'''장내채권 종목정보(bond_code.mst) 정제 파이썬 파일'''

import pandas as pd
import urllib.request
import ssl
import zipfile
import os

base_dir = os.getcwd()

def download_and_extract_file(url, output_dir, zip_filename, extracted_filename):
    # Download the file
    print(f"Downloading {zip_filename}...")
    ssl._create_default_https_context = ssl._create_unverified_context
    zip_filepath = os.path.join(output_dir, zip_filename)
    urllib.request.urlretrieve(url, zip_filepath)
    
    # Extract the file
    print(f"Extracting {zip_filename}...")
    with zipfile.ZipFile(zip_filepath, 'r') as zip_ref:
        zip_ref.extractall(output_dir)
    
    return os.path.join(output_dir, extracted_filename)

def get_bond_master_dataframe(file_path):
    print("Parsing the file...")
    with open(file_path, mode="r", encoding="cp949") as f:
        lines = f.readlines()

    data = []
    for row in lines:
        row = row.strip()
        bond_type = row[0:2].strip()
        bond_cls_code = row[2:4].strip()
        stnd_iscd = row[4:16].strip()
        rdmp_date = row[-8:].strip()
        pblc_date = row[-16:-8].strip()
        lstn_date = row[-24:-16].strip()
        bond_int_cls_code = row[-26:-24].strip()
        sname = row[16:-26].rstrip()  # 종목명을 뒤에서부터 추출하여 남은 부분

        data.append([bond_type, bond_cls_code, stnd_iscd, sname, bond_int_cls_code, 
                     lstn_date, pblc_date, rdmp_date])

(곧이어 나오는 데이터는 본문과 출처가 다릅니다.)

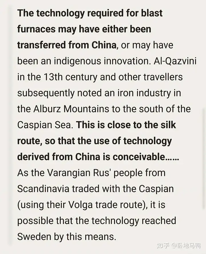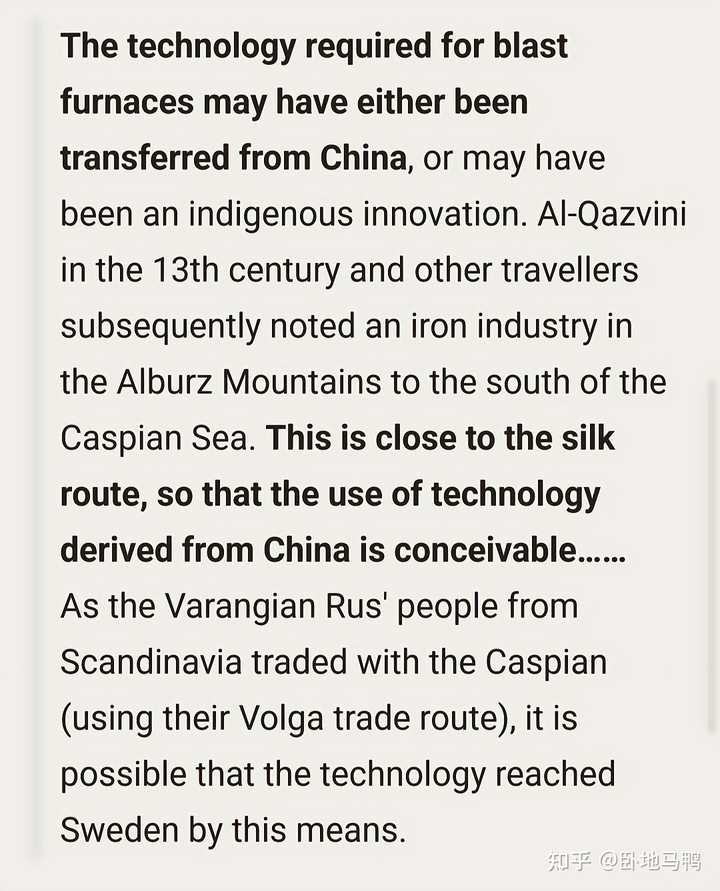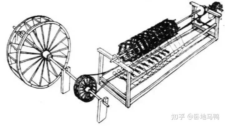 - 418 个点赞 👍已知古代中国创造的开创性技术有:世界最早的冶铁竖炉及高炉:竖炉出现并成熟于公元前4世纪(河南,西平冶铁遗址),高炉则出现于公元前2世纪(河南,古荥冶铁遗址)。 欧洲在公元12世纪才出现冶铁竖炉(1150,Lapphyttan),在公元14世纪才出现冶铁高炉(Blasofen),直至公元16世纪才将这一技术普及。在此之前欧洲只有极为原始的吹炼炉。 欧洲人认为这一发明正是由中国传入西亚,再从西亚经伏尔加商路传入欧洲:  顺带一提,这项发明也被认为是“第五大发明”的候选者之一。 世界最早的复杂织造机械:即公元前2世纪左右出现的提花机(四川,老官山汉墓),本体有84个综片,编织前先将一万多根丝线从综片的不同位置穿过,就能通过线制花本贮存提花程序 ,相当于预制绘图。 整件织物的花纹被区分为经线与纬线,用衢线牵引经丝,让两个方向的线按预设顺序排列,就可组合织出足足数百种复杂纹样。 正因如此,提花机的工作原理,被认为与二进制计算机的原理类似。而提花机也在此后的两千多年中不断迭代,演化出大量的改良版本,用于不同织物的织造。 而欧洲出现类似机械,要等到18世纪,由法国工匠贾卡(Joseph Marie Jacquard,1752-1834)创制,于19世纪进行改良,以蒸汽机械作为动力,变为自动提花机。这种机械也启发了二进制计算机的诞生。 汉代提花机复原图 世界最早的生铁冶铸技术:最早出现于公元前8世纪(山西,曲村-天马遗址),成熟于公元前6世纪(江苏,六合程桥遗址)。 欧洲直至公元14世纪,随着高炉的逐步普及,才掌握生铁冶铸技术。在此之前欧洲只能通过块炼法冶炼极为原始的海绵铁,通过锻打将其强化为熟铁。 世界最早的疫苗:即成熟于16世纪明代中期的人痘接种,分为旱苗法、水苗法等四大接种方式,是世界首个有效防控天花、采用人体特异性免疫疗法的疫苗。 直到1717年,英国驻土耳其公使夫人玛丽·蒙塔古将该技术引入欧洲,并于1796年启发了更为成熟的“牛痘接种术”(Edward Jenner),启发了现代疫苗的诞生。 世界最早的制动棘轮:最早出现于公元前6世纪(山西,侯马遗址),推测被用于战车的制动和滑轮传送机构,此后又出现了带有40个齿的铜棘轮和16个齿的铁棘轮。早于古希腊齿轮约300年。 世界最早的韧性铸铁冶炼技术:最早出现于公元前5世纪(湖北,铜绿山矿冶遗址),分为白心韧性铸铁和黑心韧性铸铁,用于加工农具和其他金属器物。 其中白心韧性铸铁在18世纪才被欧洲掌握(1722,http://R.A.F.de.Réaumur),黑心韧性铸铁更是直到公元19世纪才在美国出现(1826,S.Boyden) 世界最早的球墨铸铁技术:最早出现于公元前3世纪(河南,古荥冶铁遗址),强度极高,可与钢材相媲美,经由汉代退火工艺制成,每批汉代铸铁里大约有10%左右的材料会结出球状石墨。 而欧美正式开始运用球墨铸铁,则要等到20世纪左右。被用于加工齿轮,轴承等高强度材料,包括现代大马路上常见的一些井盖就是球墨铸铁制成的。 世界最早的生铁炼钢技术:即公元前5世纪出现的炒钢法(江苏,徐州楚王陵),通过快速搅拌液态生铁使其脱碳,从而生产熟铁或钢材,导致两汉时期钢铁兵器日益普及,成为当时全球冶炼技术断档第一的国家。 而在欧洲,这项技术在18世纪的工业革命时期才在英国出现,被称为“普德林法”(Puddling Process),与炒钢法原理一致。巴黎埃菲尔铁塔的结构材料正是采用该工艺生产而来的熟铁,欧美国家中亦有7万余公里的铁路材料采用该工艺制造而成。 世界最早的踏板式纺织机:即为公元前5世纪出现的斜织机,演化出全球最早的踏板结构,让织工可以手脚并用,一边用手控制经纬,一边用脚踩动多条踏板,联动控制综片升降,极大地解放了生产力,效率将近腰机纺织的数十倍。 而欧洲直到公元13世纪,才从西亚引进这种踏板卧式框架织机,在此之前,欧洲所用的纺织机械是一种极为原始的双轴织架,基本结构与我国新石器时代的腰机一致,效率奇低无比。该机械后续也启发了工业革命时期纺织机的基本结构。 汉代中轴式斜织机 世界最早的曲柄摇杆机械:即为公元前1世纪(东汉初期)出现的水排,也是世界上最早的水轮鼓风机,通过曲柄摇杆结构做功,将回转运动转变为连杆的往复运动,用水力驱动鼓风机械运转,单组水排每天可节省上百名劳工。 古籍中所绘的水排 世界最早的曲柄连杆机构:即公元前3世纪(西汉时期)出现的扇车,通过曲柄连杆手摇风扇,来清除谷物颗粒中的糠秕。类似结构在公元3世纪时才在希腊地区的Hierapolis锯木厂出现。 该结构在如今的各大机械发动机中仍旧是不可或缺的重要组件,也是内燃机的两大核心机构之一,在两次工业革命中都发挥了不可替代的作用。 古籍中所绘的扇车 世界最早的杠杆式投石机:起源于公元前5世纪,在《范蠡机法》中初见记载,在东汉时期得到曹操改进为加装轮子的“霹雳车”。 其在公元6世纪左右经阿瓦尔人传入欧洲,因其射速更快、载弹量更高等优势,在传入不久便迅速取代了当时欧洲使用的扭力弩炮,极大改变了战争格局。 世界最早的多管条播机:即公元前2世纪左右出现的“耧车”,在两汉时期面向民间大力推广。由畜力驱动前进,能同时完成开沟、播种、覆土三项工作,最多能同时播种五行耕地,大量节省了平民播种所需的劳力。 而同时期乃至十个世纪以后的欧洲,播种依然完全依赖人力,效率几乎不到耧车的十分之一,最先进的地方也仍停留在单管

    columns = ['유형', '채권분류코드', '표준코드', '종목명', '채권이자분류코드', 
               '상장일', '발행일', '상환일']

    df = pd.DataFrame(data, columns=columns)
    return df

# 채권종목코드 마스터파일 다운로드 및 파일 경로
url = "https://new.real.download.dws.co.kr/common/master/bond_code.mst.zip"
zip_filename = "bond_code.zip"
extracted_filename = "bond_code.mst"

file_path = download_and_extract_file(url, base_dir, zip_filename, extracted_filename)

# 데이터프레임 생성 및 엑셀 파일로 저장
df_bond = get_bond_master_dataframe(file_path)

# 엑셀 파일 저장
print("Saving to Excel...")
df_bond.to_excel('bond_code.xlsx', index=False)
print("Excel file created successfully.")